El tener como preferencia erótica, por ejemplo, el voyeurismo no es un problema psiquiátrico, el que esa elección comporte una neurosis no es un problema psicológico, lo es de entendimiento del hecho sexual. El tener, por ejemplo, una disfunción eréctil o eyaculatoria o vaginismo no es, en el 99,9 por ciento de los casos, un trastorno orgánico, es un asunto de entendimiento de lo que es el sexo.
Sin embargo, cada vez que nos asalta una «alteración» como las precedentes, acudimos al médico (psiquiatra o del aparato reproductor) o al psicólogo o al confesor; porque hemos hecho del sexo una patología. Hemos «medicalizado» nuestra condición de seres sexuados y hemos dejado que la moral, venga de donde venga, sea quien la juzgue (cuando uno no tiene más que no hacer daño al otro, y el otro y el uno, que no dejarse engañar por la chachara de los demás).
Una vez, alguien me dijo al oído lo siguiente: «Busca quién te solventa el problema y tendrás, muchas veces, el que lo ocasiona» (los políticos suelen ser un magnífico ejempío de esa máxima).
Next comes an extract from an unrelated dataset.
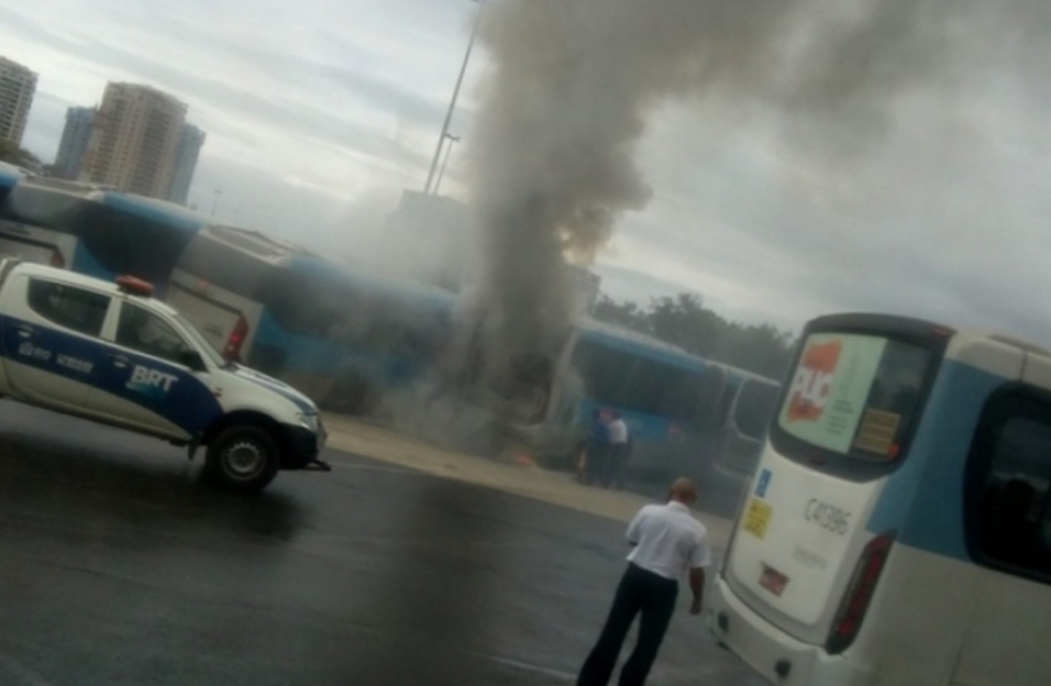 Um BRT pegou fogo no Terminal Alvorada, na Barra da Tijuca, na Zona Oeste do Rio, na manhã desta quinta-feira. O veículo articulado estava em um local destinado ao estacionamento quando começou o incêndio. Ninguém ficou ferido. Ainda não há informações sobre as causas das chamas.

Será porque, muchas veces, los mismos que nos absuelven nos inculcaron la culpa.
Al sexo lo hemos «normalizado» (tantas veces, de tantas formas y en tanto tiempo), lo hemos «normalizado» (tanto mide, tanto dura) y lo hemos hecho «finalista» (el famoso «coitorgasmo»), consiguiendo que se convierta en una actividad neurotizante. Que genera la neurosis de la culpa, y sus vastagos, la pena y la angustia.
Querer cortarse las uñas con una llave inglesa es muy frustrante, pero el origen de la neurosis es tan sencillo como saber para qué sirve una llave inglesa. Conviene que algunos que saben lo que es una llave inglesa lo expliquen, sin contarnos solamente los huesos que se pueden romper golpeando con ella, sin hacer que nos olvidemos la llave inglesa en casa porque estamos obsesionados con ponernos los guantes de soldador antes de usarla y sin dedicarse a curar las posibles lesiones que pueda ocasionar el uso de una llave inglesa, como si esas lesiones partieran de otra cosa que no fuera el hecho de no saber usar una llave inglesa.
La sexología puede ser el gran enemigo de la moral, quizá por eso, su existencia, pese a tener cien años de historia, sigue difuminada como una palabra rotulada en tinta a la que le hubiéramos escupido encima. Es una sabiduría sin formación específica propia (al menos, en España), sin colegiados, con sus puertas abiertas de par en par para el intrusismo y la charlatanería y sigue siendo tan extraña y puede llegar a ser tan demoledora que ni siquiera le hemos encontrado ni la necesidad ni el merchandising.
He conocido a lo largo de mi trayectoria y de mi formación a extraordinarios sexólogos; algunos actúan como tal, otros lo hacen bajo el amparo de las ciencias médicas y otros, desde la más profunda reflexión en las catacumbas de algún aula donde todavía se puede fumar. A todos ellos, mi ánimo y mi respeto.
Era una mañana de finales de marzo de 2007 y los ciruelos empezaban a mostrar las yemas de sus flores blancas. Allá en Japón, los tambores «taiko» debían tronar celebrando el fin del invierno. En casa, sonaba Mónteseos y Capuletos, de la suite de baile Romeo y Julieta, de Prokofiev. Tenía el sabor del eretismo todavía en el aliento y el olor de su piel en mi retina. Me incorporé en la cama y cogí la libreta en la que en la noche anterior había anotado algunas cosas que me habían interesado de la lectura de Elfriede Jelinek. Aparté de mi regazo a Monsieur Alfred, el gato mitad siamés mitad yo, que habíamos recogido hacía un año de un refugio, y con el mismo lápiz que había utilizado, empecé a escribir este libro.
Y anoté: Antimanual de sexo.
Para contar cosas como éstas.
Para hablar de Piolé, de los patos y de las llaves inglesas.
A Jorge de los Santos, el que me despierta por las mañanas, el que me acuna por las noches y pocas veces me duerme. Gracias, mi amor, por ayudarme en la construcción de este libro y por suministrarme fuentes inestimables a las que, sin ti, no hubiese podido acceder.
A Ana Lamente y a Belén López, dos seductoras que han hecho de estos Temas, Hoy, mi Planeta.
A Efigenio Amezúa, el sabio, que hizo del sexo el Sexo. Por enseñarnos a pensar en una sociedad que no nos quiere «pensantes» (sólo «biempensantes»).
A los que lean mi gratitud y sepan a lo que me refiero.
Al Trankimazin y al Lormetazepam (de 2 mg cada uno). A ellos también.